The material below has pictures in it. Set down only the lines from the line containing "Dieses einseitig angebaute" through the line containing "Per inserti con", word for word, and leave the pictures behind.

-- INFORMATION PROVIDED --
········

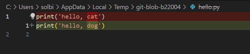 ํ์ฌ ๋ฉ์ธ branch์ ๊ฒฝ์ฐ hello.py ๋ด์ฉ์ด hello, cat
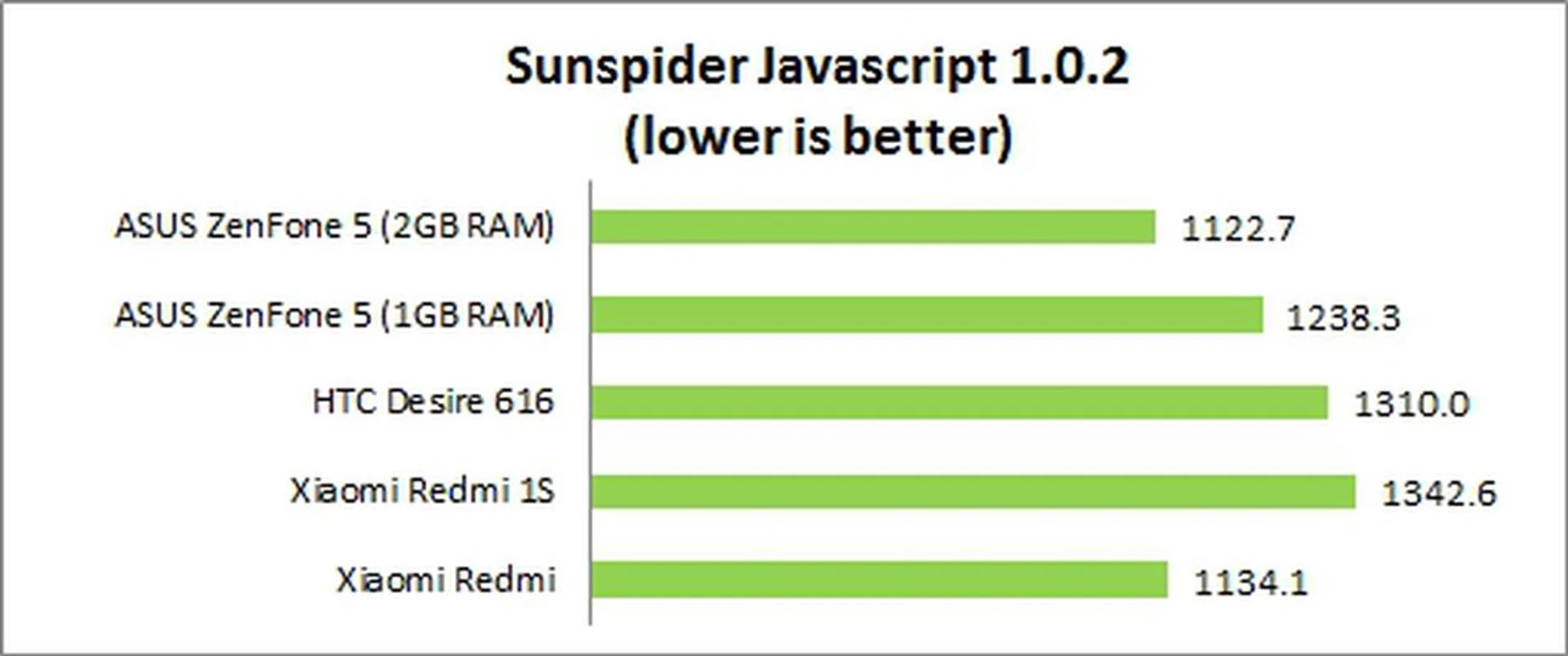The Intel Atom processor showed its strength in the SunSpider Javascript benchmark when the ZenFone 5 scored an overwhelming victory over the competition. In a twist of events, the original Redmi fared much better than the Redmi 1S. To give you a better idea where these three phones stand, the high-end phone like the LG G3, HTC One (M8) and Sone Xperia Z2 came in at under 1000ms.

········

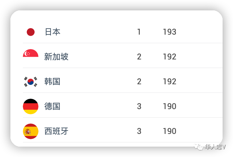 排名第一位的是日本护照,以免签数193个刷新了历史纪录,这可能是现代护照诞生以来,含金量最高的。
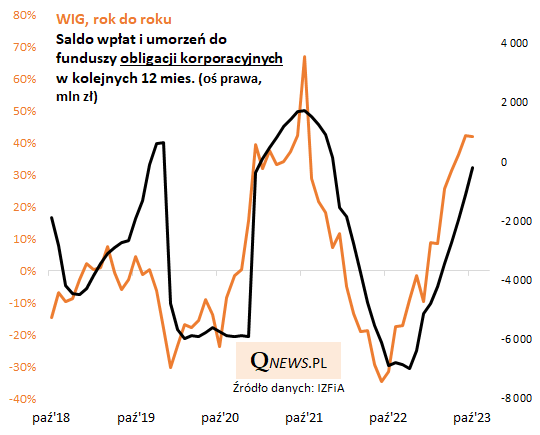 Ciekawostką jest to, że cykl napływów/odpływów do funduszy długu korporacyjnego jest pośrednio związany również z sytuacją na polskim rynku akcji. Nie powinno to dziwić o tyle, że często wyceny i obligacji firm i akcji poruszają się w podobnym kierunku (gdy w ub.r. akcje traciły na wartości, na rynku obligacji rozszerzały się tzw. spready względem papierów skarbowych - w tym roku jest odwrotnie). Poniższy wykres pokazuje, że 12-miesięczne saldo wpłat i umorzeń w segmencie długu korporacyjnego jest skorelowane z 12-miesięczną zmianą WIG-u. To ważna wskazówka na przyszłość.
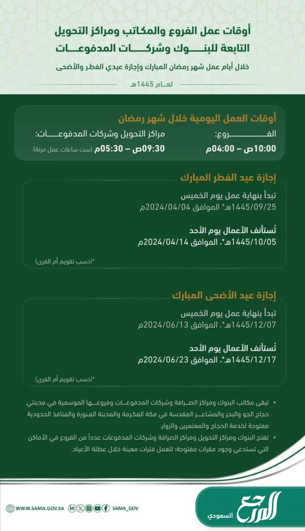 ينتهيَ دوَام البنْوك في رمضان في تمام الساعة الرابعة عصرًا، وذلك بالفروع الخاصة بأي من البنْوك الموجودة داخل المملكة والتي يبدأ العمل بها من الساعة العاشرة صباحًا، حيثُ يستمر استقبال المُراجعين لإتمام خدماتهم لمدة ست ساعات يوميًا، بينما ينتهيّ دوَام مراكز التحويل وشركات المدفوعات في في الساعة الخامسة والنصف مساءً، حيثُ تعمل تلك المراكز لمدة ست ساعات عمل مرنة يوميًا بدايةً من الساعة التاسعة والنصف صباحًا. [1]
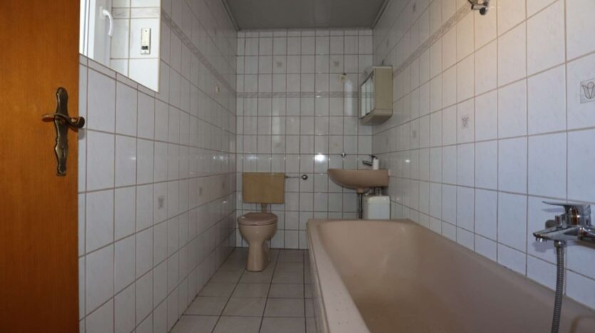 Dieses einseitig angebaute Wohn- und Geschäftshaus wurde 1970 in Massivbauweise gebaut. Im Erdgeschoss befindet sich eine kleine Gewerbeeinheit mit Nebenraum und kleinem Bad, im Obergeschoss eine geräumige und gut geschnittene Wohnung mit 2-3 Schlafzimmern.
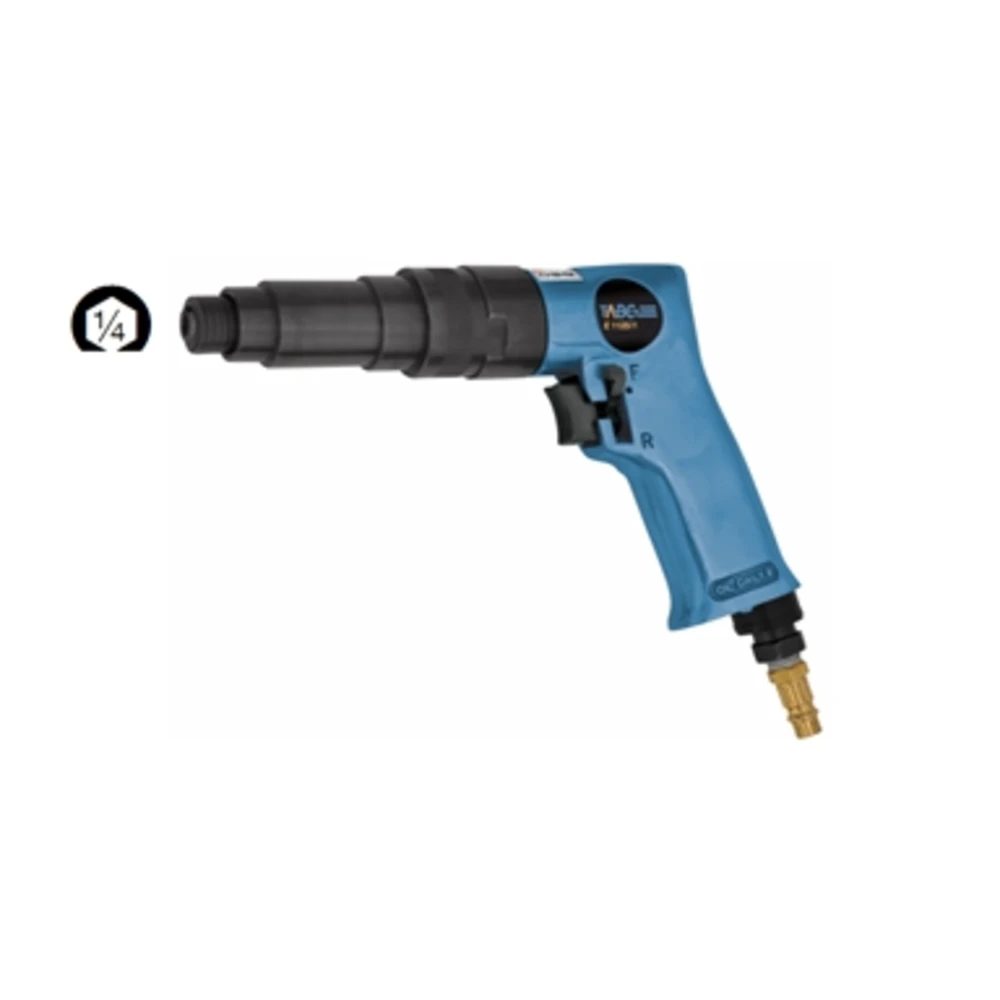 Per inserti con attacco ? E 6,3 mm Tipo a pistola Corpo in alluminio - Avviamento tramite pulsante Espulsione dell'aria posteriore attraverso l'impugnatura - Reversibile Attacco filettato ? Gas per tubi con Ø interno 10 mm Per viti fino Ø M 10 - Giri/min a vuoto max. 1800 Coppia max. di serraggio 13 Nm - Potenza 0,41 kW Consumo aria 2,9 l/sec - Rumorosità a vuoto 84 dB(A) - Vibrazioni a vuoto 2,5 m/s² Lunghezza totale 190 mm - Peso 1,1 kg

········

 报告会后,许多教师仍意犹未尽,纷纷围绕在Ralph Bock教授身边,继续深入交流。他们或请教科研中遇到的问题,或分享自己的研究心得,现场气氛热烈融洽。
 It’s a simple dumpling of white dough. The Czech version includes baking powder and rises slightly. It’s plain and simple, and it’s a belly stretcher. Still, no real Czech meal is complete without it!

········

-- SOLVED EXERCISE --
 Dieses einseitig angebaute Wohn- und Geschäftshaus wurde 1970 in Massivbauweise gebaut. Im Erdgeschoss befindet sich eine kleine Gewerbeeinheit mit Nebenraum und kleinem Bad, im Obergeschoss eine geräumige und gut geschnittene Wohnung mit 2-3 Schlafzimmern.
 Per inserti con attacco ? E 6,3 mm Tipo a pistola Corpo in alluminio - Avviamento tramite pulsante Espulsione dell'aria posteriore attraverso l'impugnatura - Reversibile Attacco filettato ? Gas per tubi con Ø interno 10 mm Per viti fino Ø M 10 - Giri/min a vuoto max. 1800 Coppia max. di serraggio 13 Nm - Potenza 0,41 kW Consumo aria 2,9 l/sec - Rumorosità a vuoto 84 dB(A) - Vibrazioni a vuoto 2,5 m/s² Lunghezza totale 190 mm - Peso 1,1 kg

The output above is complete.